Sciascia ha una componente forte – nei saggi e anche nei romanzi – di teismo, o spiritualismo, esoterico. Non alla maniera dei fratelli Piccolo, che si può ridurre a mania senile o esoterica, di cui sorridere con divertimento, come faceva il loro cugino Giuseppe Tomasi, ma nel senso proprio, massonico. Si vede nella propensione a rivoltare la storia, al misterico, al complottistico, e finisce nella magnificazione della mafia – viene sovrapposta alla Sicilia come un macigno una manica di brutti ceffi - e in alcuni riferimenti simbolici. È un laicismo sterile, col culto ridicolo del “com’eravamo”, che è un passato abominevole.

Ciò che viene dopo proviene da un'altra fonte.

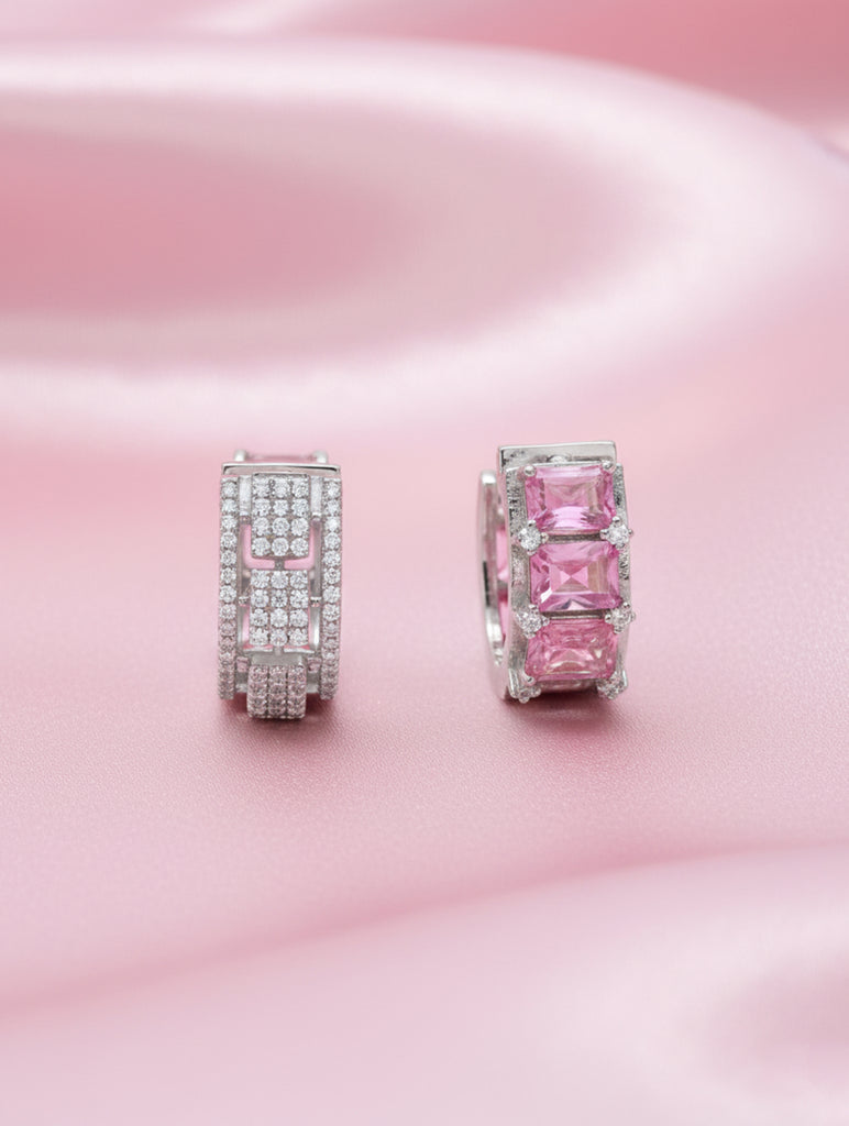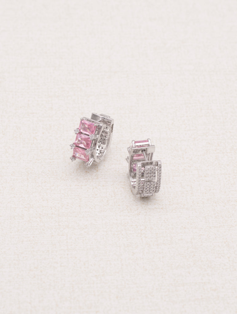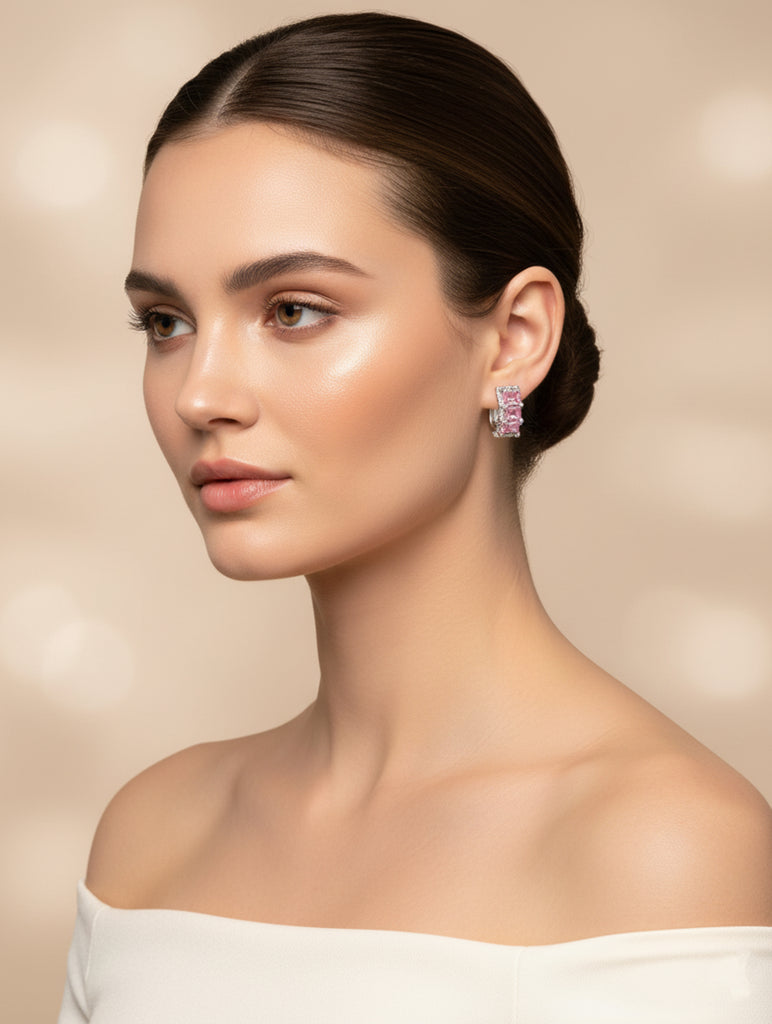 Blush Radiance 925 Silver Rose Gold-Plated Pink Stone Bali Earrings

Sterile è il laicismo nell’isola perché massonico: la chiave è sempre quel riempirsi la bocca della Riforma, che l’Italia non avrebbe fatto. È uno spiritualismo sterile ai fini pedagogici e democratici: inevitabile sconfina nella misantropia, che oggi denomina società civile, il disprezzo del volgo, e si chiude nel vecchio notabilato, che in regime democratico non è più produttivo. Ci sono in letteratura più Sicilie, quella della prima lirica italiana, quella del popolo di Guastella e Buttitta, quella di Tomasi di Lampedusa, Vittorini, Brancati, Verga e il primo Pirandello, e c’è quest’altra, che per essere “francese” e “rivoluzionaria” è – direbbe Sciascia - ineffettuale.